Start of Entries shown

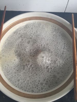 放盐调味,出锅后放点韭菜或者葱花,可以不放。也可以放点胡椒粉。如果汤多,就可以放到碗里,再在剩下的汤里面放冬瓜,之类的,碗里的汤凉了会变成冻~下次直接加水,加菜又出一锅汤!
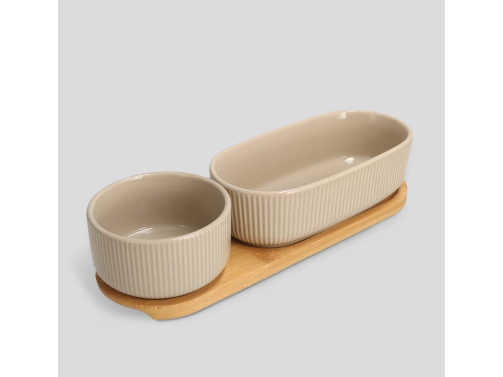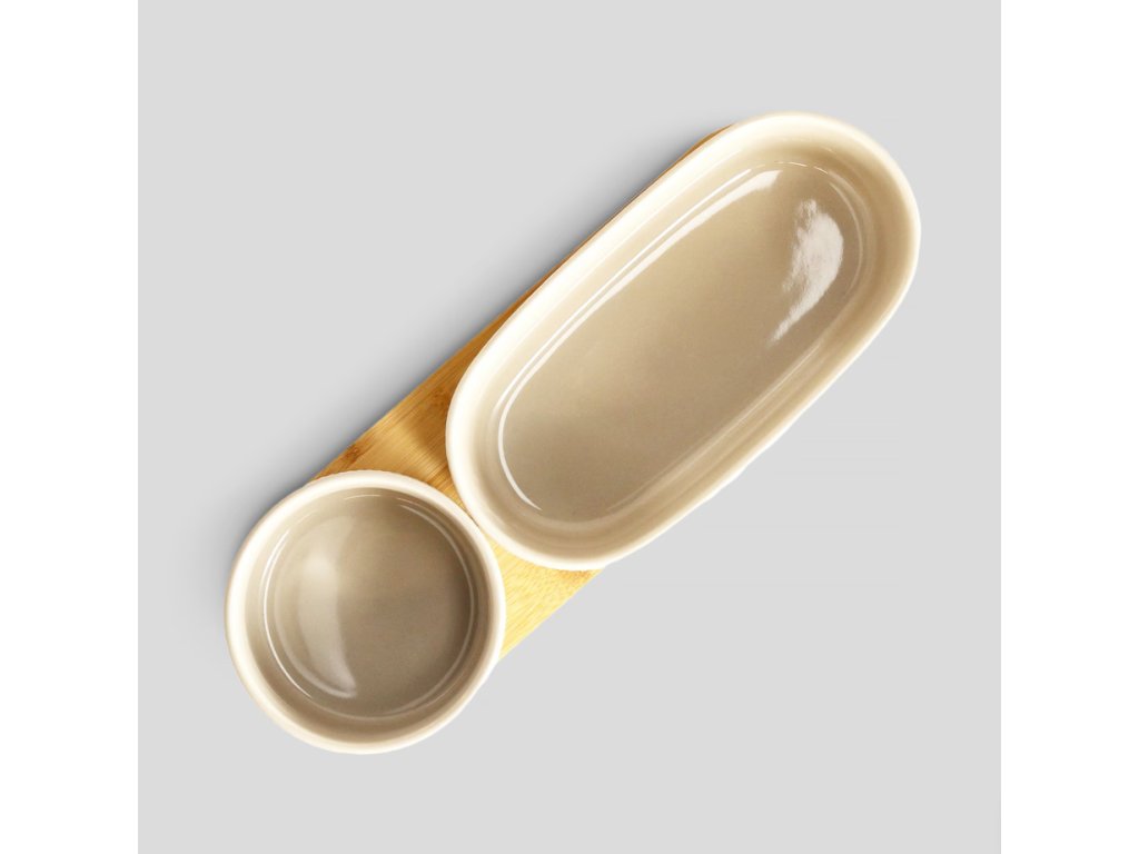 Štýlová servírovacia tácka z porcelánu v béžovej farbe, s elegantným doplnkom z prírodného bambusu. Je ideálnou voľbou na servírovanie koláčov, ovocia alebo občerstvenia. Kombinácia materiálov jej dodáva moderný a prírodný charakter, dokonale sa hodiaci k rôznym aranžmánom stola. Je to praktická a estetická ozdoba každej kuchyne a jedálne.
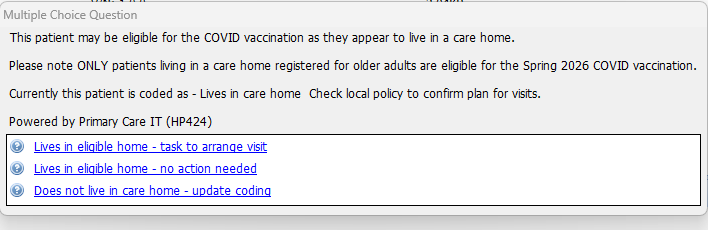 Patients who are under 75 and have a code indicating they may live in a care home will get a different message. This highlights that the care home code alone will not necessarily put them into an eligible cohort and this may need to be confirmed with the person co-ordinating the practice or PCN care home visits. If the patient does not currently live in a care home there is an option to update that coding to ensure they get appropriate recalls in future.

End of Entries shown
Start of Entries shown

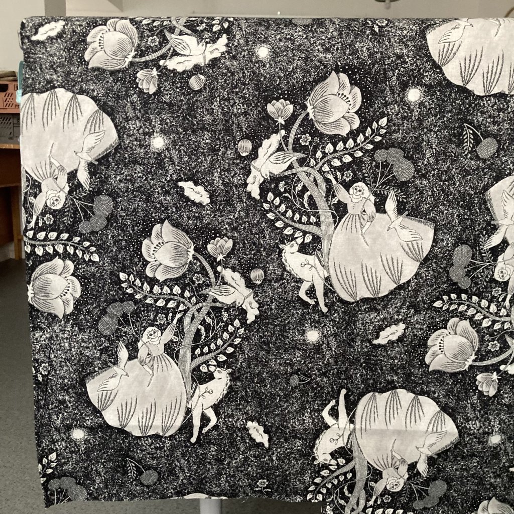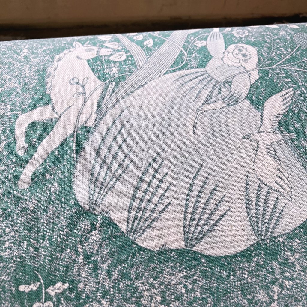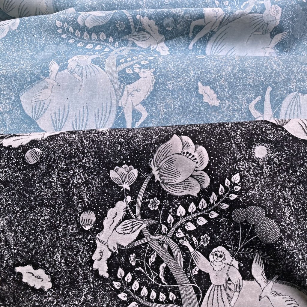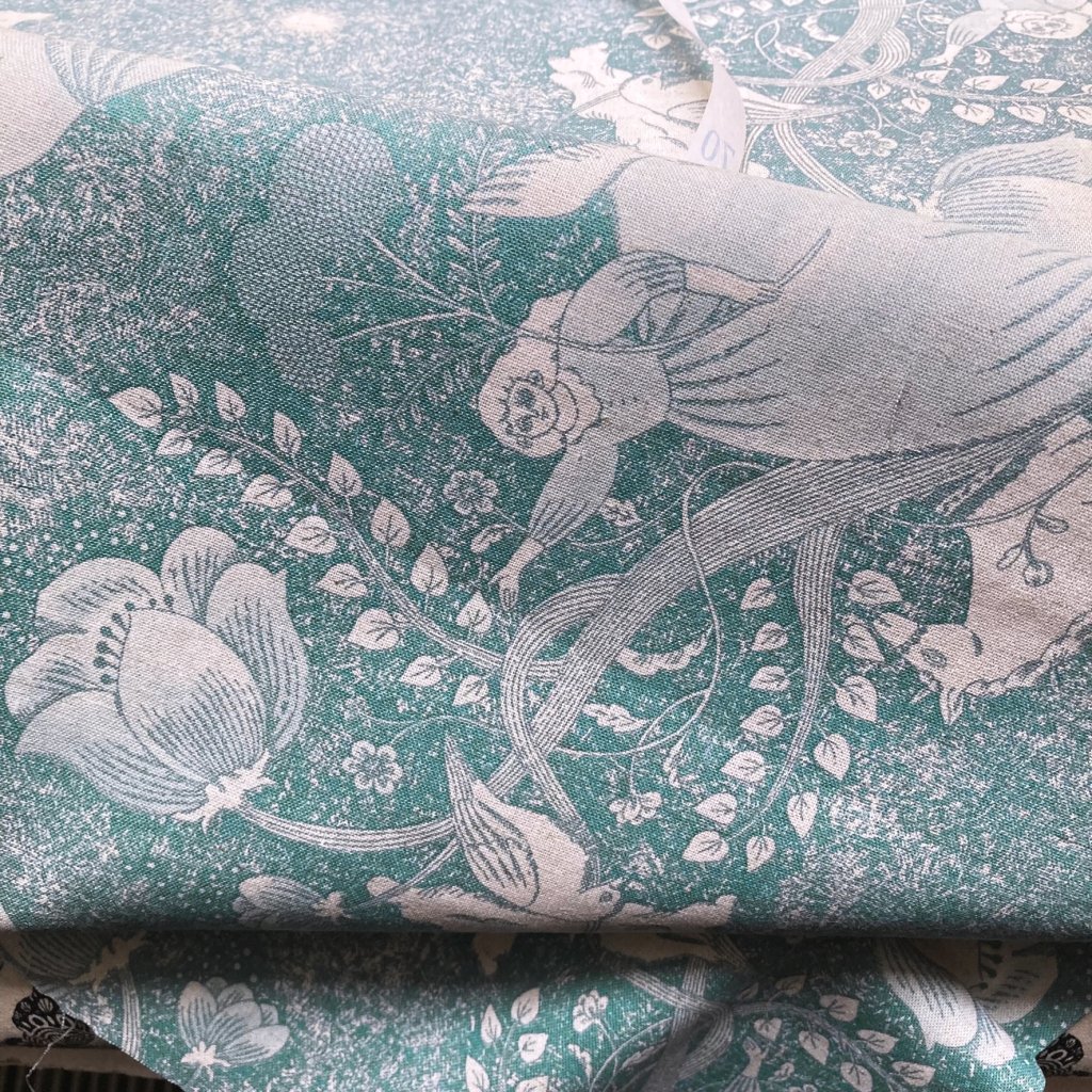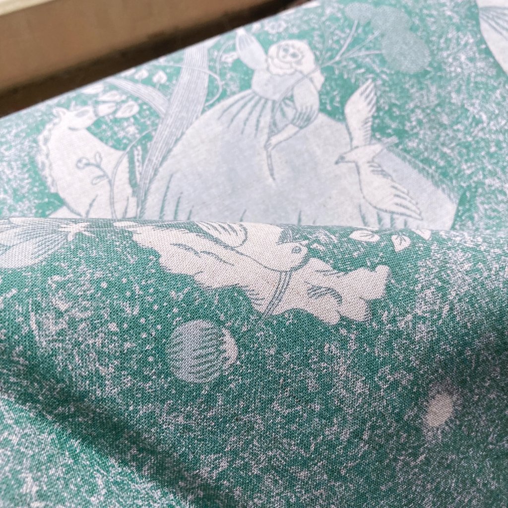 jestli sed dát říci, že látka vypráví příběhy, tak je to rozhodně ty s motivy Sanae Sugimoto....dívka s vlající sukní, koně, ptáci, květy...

End of Entries shown
Start of Entries shown

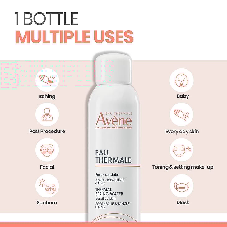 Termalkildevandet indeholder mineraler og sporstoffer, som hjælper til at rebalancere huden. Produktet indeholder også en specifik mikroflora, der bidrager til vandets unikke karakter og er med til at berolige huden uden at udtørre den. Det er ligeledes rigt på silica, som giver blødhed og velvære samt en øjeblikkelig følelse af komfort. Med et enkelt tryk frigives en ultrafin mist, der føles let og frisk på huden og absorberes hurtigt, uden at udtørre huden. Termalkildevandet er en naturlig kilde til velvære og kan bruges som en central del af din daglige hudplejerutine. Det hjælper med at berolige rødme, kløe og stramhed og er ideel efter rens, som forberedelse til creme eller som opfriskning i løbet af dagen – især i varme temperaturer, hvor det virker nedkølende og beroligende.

End of Entries shown

▶ **Exercise details**
Those lines of the records above that run from the one containing "放盐调味,出锅后放点韭菜或者" through the one containing "Štýlová servírovacia tácka" should be returned exactly, with no pictures among them.

▶ **Result of the task**
 放盐调味,出锅后放点韭菜或者葱花,可以不放。也可以放点胡椒粉。如果汤多,就可以放到碗里,再在剩下的汤里面放冬瓜,之类的,碗里的汤凉了会变成冻~下次直接加水,加菜又出一锅汤!
 Štýlová servírovacia tácka z porcelánu v béžovej farbe, s elegantným doplnkom z prírodného bambusu. Je ideálnou voľbou na servírovanie koláčov, ovocia alebo občerstvenia. Kombinácia materiálov jej dodáva moderný a prírodný charakter, dokonale sa hodiaci k rôznym aranžmánom stola. Je to praktická a estetická ozdoba každej kuchyne a jedálne.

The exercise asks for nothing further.